Nutritionist Cassandra Burns is also sceptical about the benefits of everyone’s favourite indulgence. “It’s the cacao – the main raw ingredient in chocolate – that’s the true superfood, providing nutrients and antioxidants that are thought to have multiple benefits for our health. The more other ingredients are added to your chocolate bar – especially sugar! – the less ‘super’ it becomes.” Cassandra can see little nutritional value in the milk chocolate we find in the confectionery aisle. “It tends to be highly processed and has a lot of milk, sugar and fat added,” she points out. “The sugar causes a blood sugar imbalance and stimulates the reward part of the brain making it addictive. It also compromises immunity and puts the body in a state of stress. The downside of milk chocolate really does outweigh the positives.”
“It’s the flavonols [natural substances also found in red wine] in raw cacao that are thought to be particularly heart-friendly,” says nutritionist Shona Wilkinson. “They’ve been linked with lowering blood pressure, as well as increasing vasodilation (dilating blood vessels to improve blood flow), reducing the ’stickiness’ of the blood, reducing
inflammation and preventing free radical damage. Studies have found that a higher intake of flavonol-rich foods, such as cacao, is associated with lower risk of ‘cardiovascular events’ including heart attack and stroke.”
There are other more tangible benefits, as any chocolate lover will know. “Most people know they feel better when they eat chocolate!” says Shona. “In a standard sugary chocolate bar, this is likely to be at least partly down to the sugar content. But raw cacao in its pure form also contains specific substances that may boost mood. One of these compounds is phenylethylamine, or PEA for short. PEA is a natural substance that’s made in the brain. It’s associated with pleasure and good mood and is said to be made in higher amounts in the brain when we’re in love! Another substance that may affect mood is theobromine, which is a mild stimulant in the same family as caffeine, but with a gentler effect.” Add feel good minerals and the endorphins of any pleasurable eating experience to the mix and you can see why the ancient Aztecs held it in such high regard.
“Dark chocolate is higher in cocoa than milk chocolate so if you’re going to chose something that’s going to be a better choice,” says Cassandra. It’s a more convenient option than ever, with bars boasting 70 per cent and even 85 per cent cocoa solids increasingly available. “Dark chocolate also tends to be a bit lower in sugar, and the flavour is more intense so you may feel satisfied from smaller amounts. We still have to eat it in moderation but I think it’s important we don’t deprive ourselves entirely!

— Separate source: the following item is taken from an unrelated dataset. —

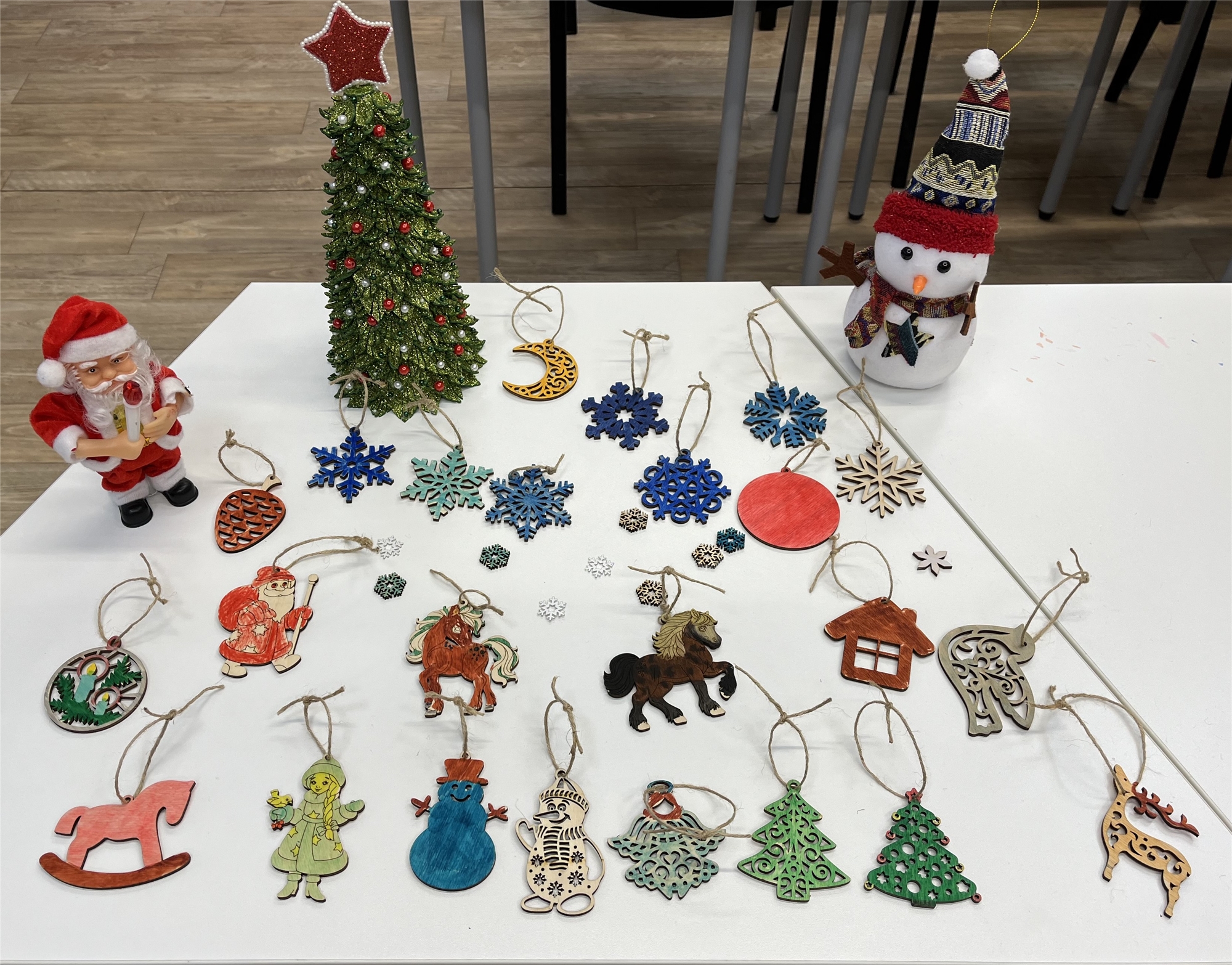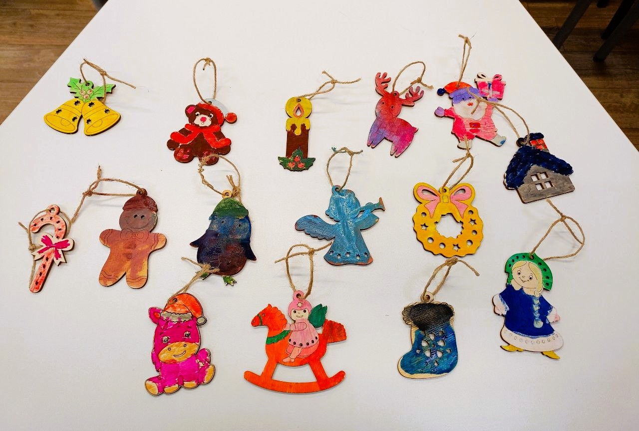 И вот, накануне дня рождения нашей ёлочки, юные мастера из клуба «Мозаика» проявили настоящую фантазию! Они смастерили для именинницы роскошный наряд и украсили её самыми красивыми игрушками. Благодаря их стараниям, наша ёлочка стала ещё наряднее и праздничнее!

If you do enjoy chocolate let yourself have a bit of what you fancy every now and again because if we’re too restrictive then we eat more in the long run.”
“Alternatively, go for a raw chocolate bar (one made with raw cacao), for the extra health-boosting flavonols,” suggests Cassandra. “Raw chocolate can also be a better choice because makers end to use unrefined sugars such as coconut sugar. Coconut sugar has a lower glycaemic index than white sugar, so provides more slow-releasing energy. Even better, try raw cacao powder or cacao nibs, which are little nuggets of crunchy cacao. You can add them to homemade smoothies and brownies. The nibs are also fantastic in home-made muesli (with whole oats, nuts, seeds and dried fruit), or stirred into natural yoghurt.”